The issue of donors and demands is not confined to ballet. I remember a church board meeting once where someone had to go call the family who'd donated monies to build a youth chapel and say "We want to hold such and such an event in the chapel, does that meet with your approval?"
It did NOT, so the event was not held. The joke is, the chapel was named after the donors and they weren't comfortable with that, but they were plenty comfortable offering "guidance" as to how the place should be used.

And I thought at the time, if the chapel was truly a GIFT then there shouldn't have been any strings attached except maybe the general guideline "We want to help the youth, so here's a chapel for them to use." If my mother gives me a dress for my birthday, I don't call her and ask if I want to wear it someplace.
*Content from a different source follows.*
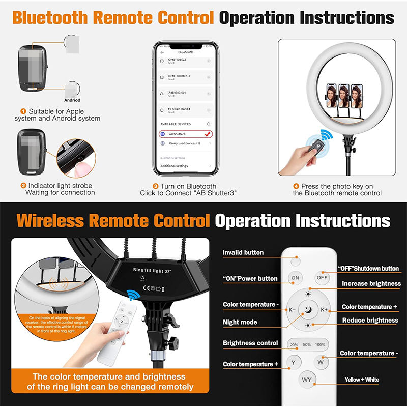 YEAH Professional 480 LED 22 pouces Ringlight 2700-7000K Dimmable RA80 56 cm 22 pouces Selfie Ring Light avec trépied, support pour téléphone

Someone donates furniture for the lobby of the Ballet School and we're thankful and take good care of it, but we don't say "Only the girls are allowed to sit on the couches, boys get the floor because the donors wanted to help the GIRLS." That would just be silly.

I understand being thankful for donations. But I also understand that when I am in a position to donate time, money, whatever, it is my responsibility to choose an organization I trust to make the best use of whatever resource I have to share. When I toss my offering in at church, I wouldn't dream of attaching a note that said "You can't use this money to fix the air conditioner, because churches don't need air conditioning." That's silly. If a donor has a specific personal agenda, it's up to the donor to find an organization that meshes with that agenda.

Does that make sense?

We have a zoo in our area that started out as a big land donation. It was a gift to the city from someone who loved monkeys and wanted a place where children could go see the monkeys, and one of the stipulations attached is the necessity of keeping at least 50 monkeys on the grounds. It's a nice little zoo (best monkey section around!,) and without the initial gift of land and the accompanying monkeys many years ago it wouldn't exist today. But I think that kind of stipulation - land to build a zoo, but the zoo needs to have monkeys - is a whole different ball game than, say, "I'll donate $1 million to your ballet company but you must promise never to perform such-and-such because that piece is such a bore" or "I'll donate this chapel to the church, but you can't hold such-and-such an activity there." You can't really afford to say "Thanks, but no thanks," but are you comfortable with the green strings?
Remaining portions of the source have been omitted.